Verum vs Placebo: Doch nur marginal?
Bei 14 Prozent der Studienteilnehmer wurden unter Canakinumab Ereignisse der primären Endpunkte wie kardiovaskulärer Tod, Infarkt und Schlaganfall gemessen, wohingegen in der Placebo-Gruppe bei 16 Prozent der Studienteilnehmern Ereignisse auftraten: Ein allenfalls marginaler Unterschied. Und alle Patienten hatten bereits vorher einen Myokardinfarkt erlitten.
Schlussfolgerungen vorherbestimmt
Wenn man dann nur gezielt diejenigen mit sowieso schon vorhandenen Entzündungsparametern aufgreift, hat man damit systematisch eine angemessene Kontrollgruppe ohne Entzündungszeichen nach Myokardinfarkt ausgegrenzt.
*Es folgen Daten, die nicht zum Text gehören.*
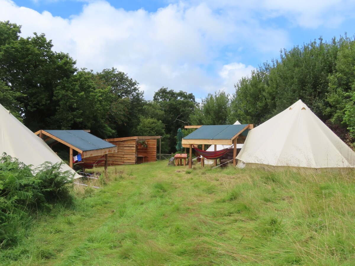 Our new pitch for summer 2023! Ideal for families or small groups of friends looking for a private, quiet, glamping experience. The fenced-in area close to the carpark comprises four large bell tents with two private composting toilets, a hot shower and a covered outdoor kitchen-living space. All facilities are for your private use! There is space for four vehicles in the carpark so invite your friends and family for a relaxing getaway in the beautiful Welsh hills.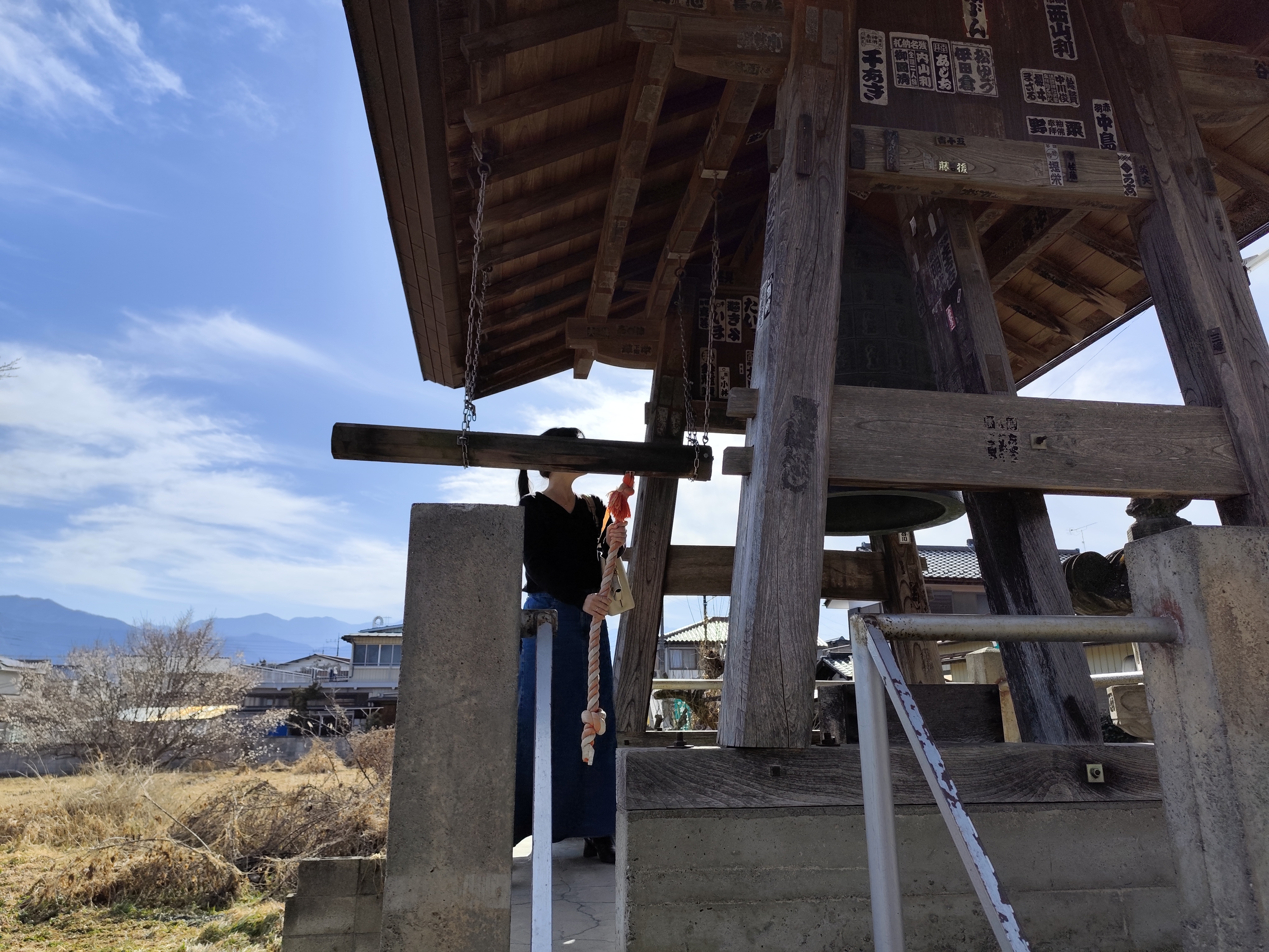 定林寺で鐘楼の鐘を撞くK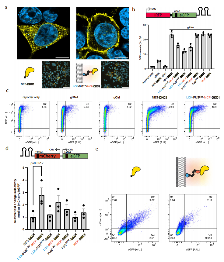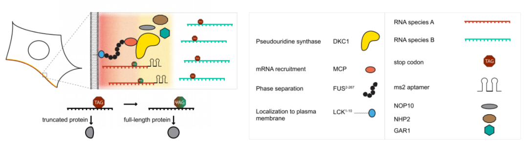 研究在正交翻译膜样细胞器的设计基础上设计细胞器,用啮齿动物LCK酪氨酸激酶(LCK)的n端结构域作为质膜(PM)锚点(图1),蛋白质FUS衍生的内在无序区域(IDR)和主要衣壳蛋白(MCP)作为募集结构域。利用dyskerin在N或C端缺少NLS/NoLS信号的截断形式(aa 22-424,DKC1),并在N端增加了一个核输出信号(NES)。

Man könnte von einer sich selbst erfüllenden Prophezeiung sprechen.
Ich zitiere die entsprechende Textpassage: „Patients were eligible for enrollment if they had a history of myocardial infarction and had a blood level of high-sensitivity C-reactive protein of 2 mg or more per liter despite the use of aggressive secondary prevention strategies.“
Mein persönliches Fazit
Diese Studienergebnisse reichen nicht aus, um Aussagen über Primär-, Sekundär- und Tertiärprävention von Entzündungsparametern nach Herzinfarkten zu treffen. Und auch nicht für klinisch relevante Feststellungen bezüglich Prophylaxe, Ätiologie und Pathogenese der Koronaren Herzkrankheit mit daraus resultierendem akuten Koronarsyndrom.